■ Dataset content ■
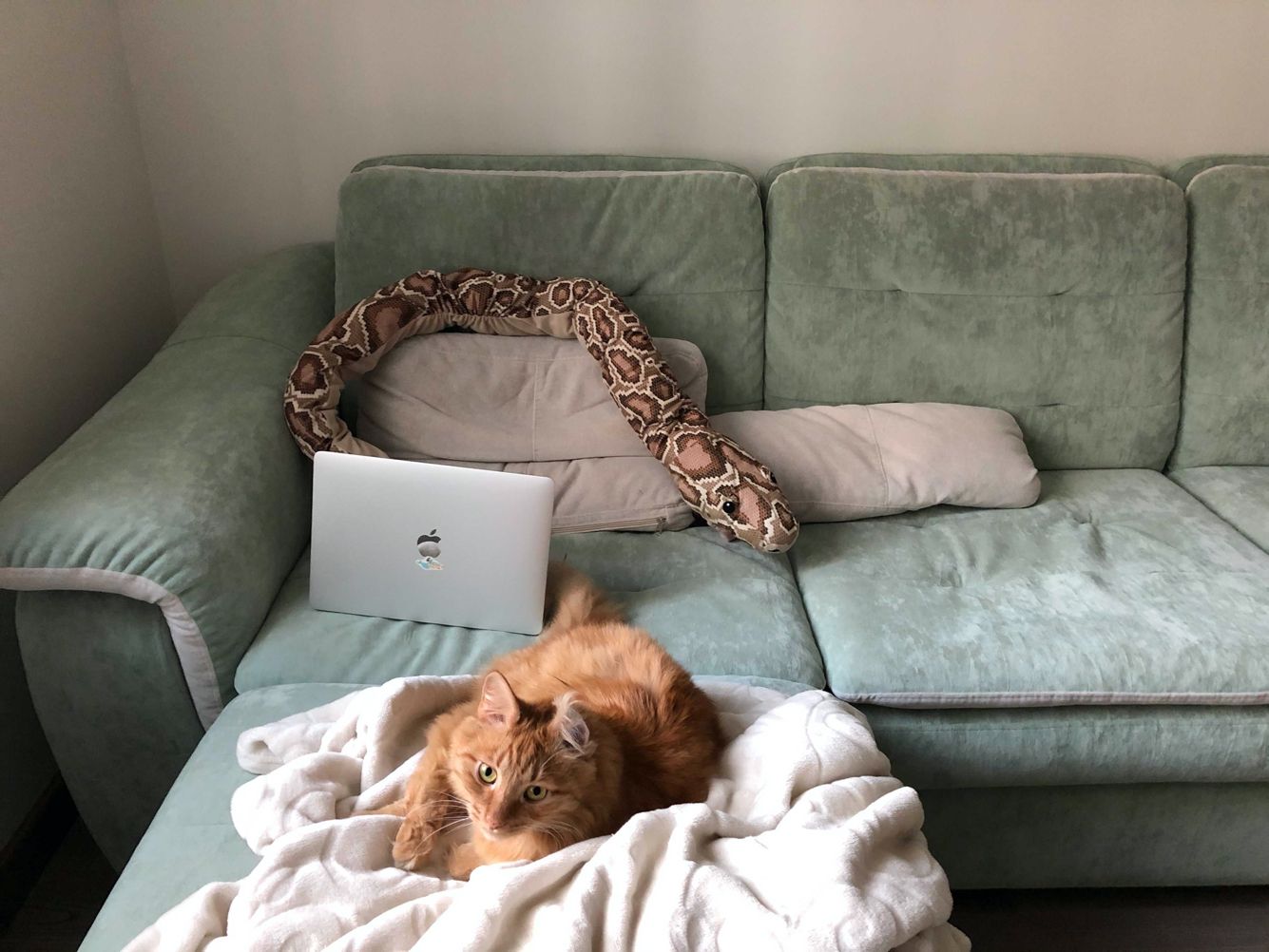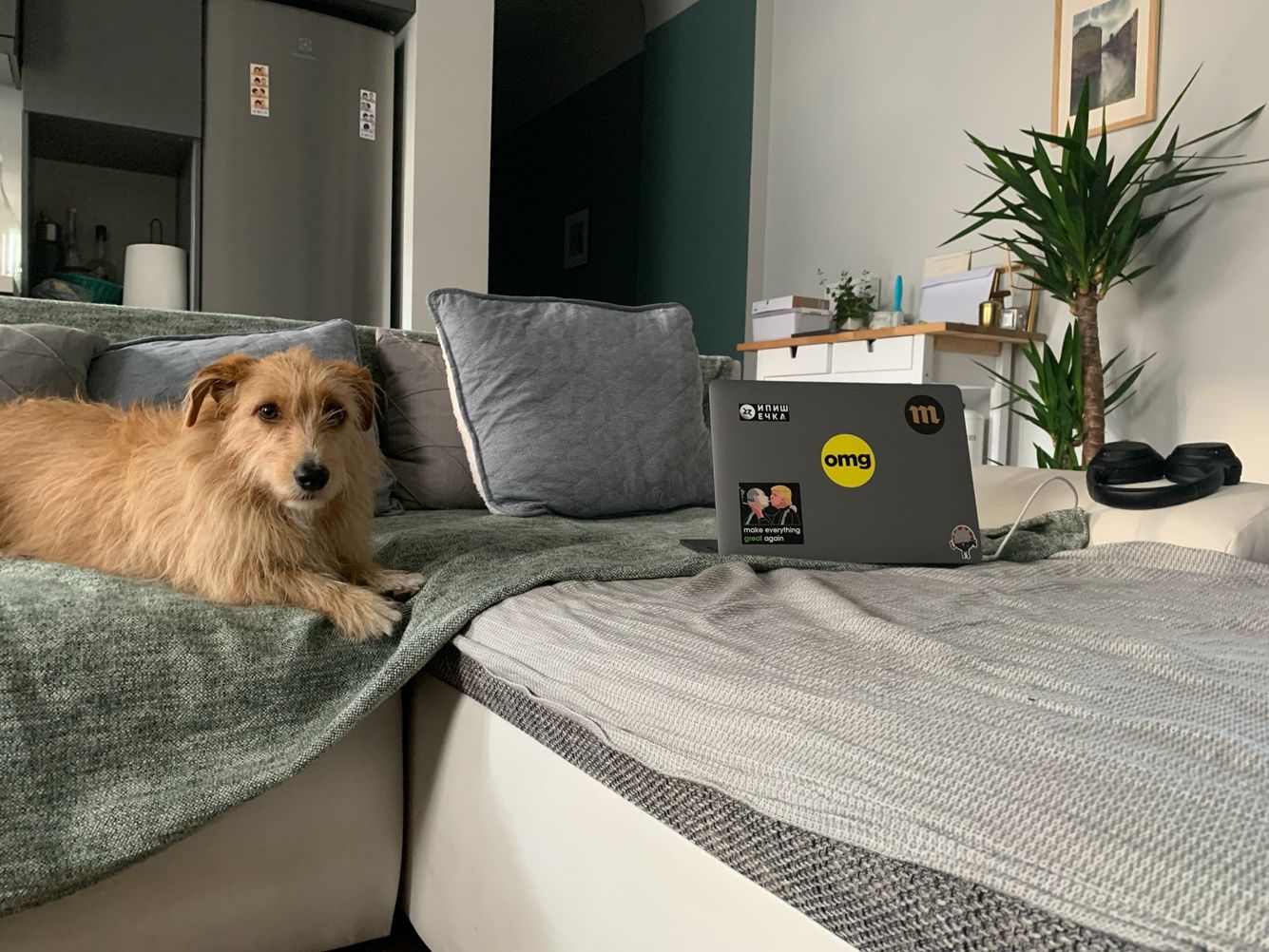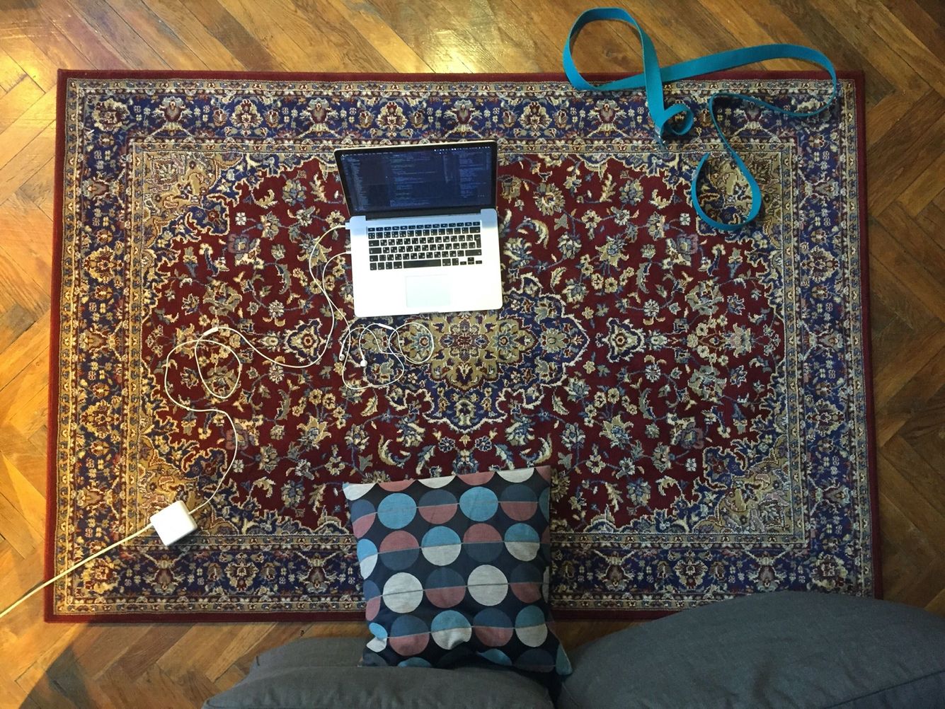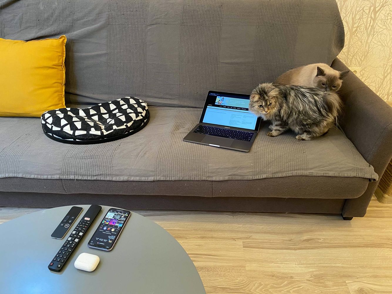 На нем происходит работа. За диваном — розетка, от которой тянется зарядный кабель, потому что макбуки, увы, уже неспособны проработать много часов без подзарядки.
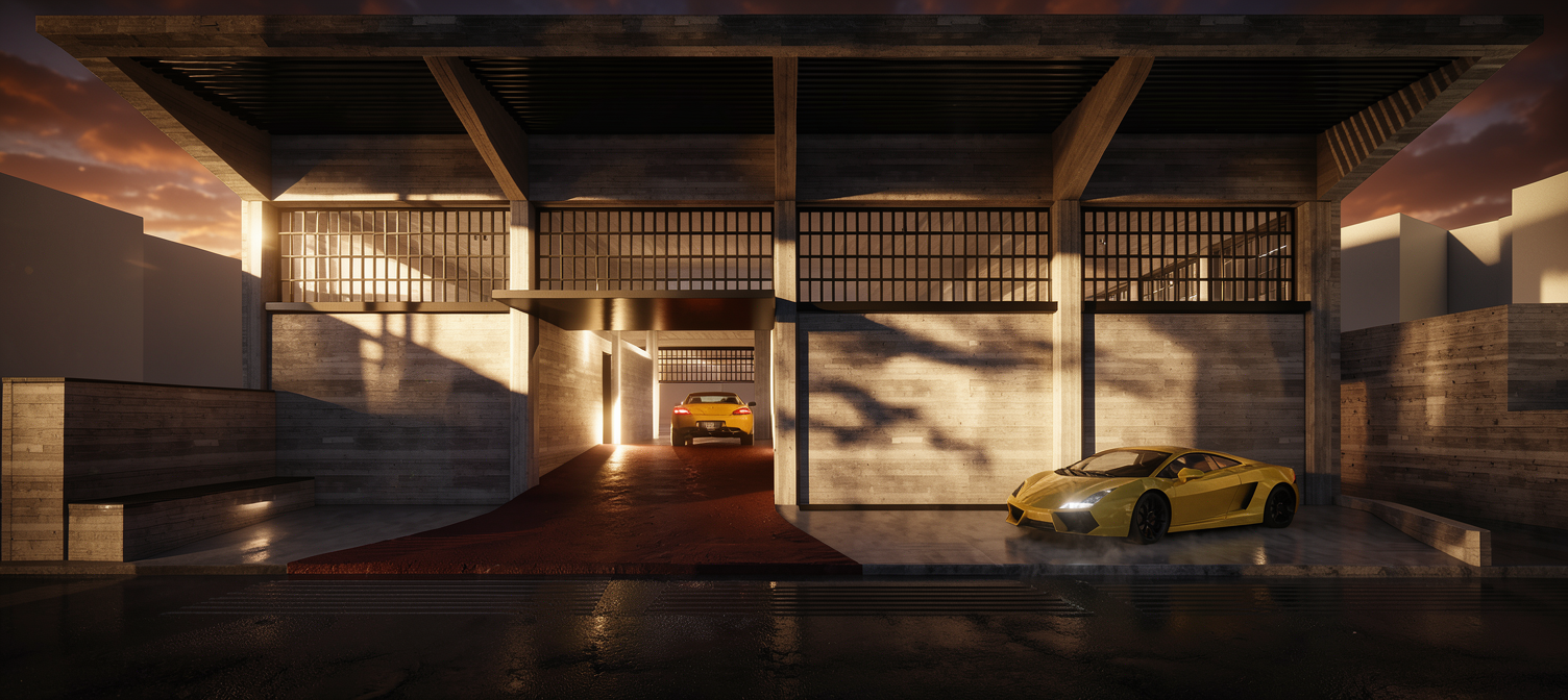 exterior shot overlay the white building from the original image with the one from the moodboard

* * *

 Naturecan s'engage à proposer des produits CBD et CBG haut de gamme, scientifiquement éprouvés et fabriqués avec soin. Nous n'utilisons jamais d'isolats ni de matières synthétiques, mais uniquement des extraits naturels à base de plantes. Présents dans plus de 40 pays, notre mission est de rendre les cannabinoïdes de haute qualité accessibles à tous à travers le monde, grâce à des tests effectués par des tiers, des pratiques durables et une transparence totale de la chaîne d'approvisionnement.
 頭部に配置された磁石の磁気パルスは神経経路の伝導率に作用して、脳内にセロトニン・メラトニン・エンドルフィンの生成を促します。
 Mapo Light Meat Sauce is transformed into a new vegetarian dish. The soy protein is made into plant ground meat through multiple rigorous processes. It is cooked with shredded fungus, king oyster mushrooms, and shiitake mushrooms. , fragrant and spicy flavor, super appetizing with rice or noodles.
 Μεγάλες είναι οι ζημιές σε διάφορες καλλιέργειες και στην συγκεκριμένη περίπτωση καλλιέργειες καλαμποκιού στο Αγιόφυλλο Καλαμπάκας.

--

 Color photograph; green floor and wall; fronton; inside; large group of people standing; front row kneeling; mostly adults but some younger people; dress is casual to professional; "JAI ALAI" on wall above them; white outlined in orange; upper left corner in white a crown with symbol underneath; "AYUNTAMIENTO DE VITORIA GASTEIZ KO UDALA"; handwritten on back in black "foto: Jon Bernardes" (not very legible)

■ Goal of the exercise ■
What you write out is the stretch of entries from the line containing "На нем происходит" to the line containing "exterior shot overlay", word for word, with both end lines and no pictures.

■ Expected answer ■
 На нем происходит работа. За диваном — розетка, от которой тянется зарядный кабель, потому что макбуки, увы, уже неспособны проработать много часов без подзарядки.
 exterior shot overlay the white building from the original image with the one from the moodboard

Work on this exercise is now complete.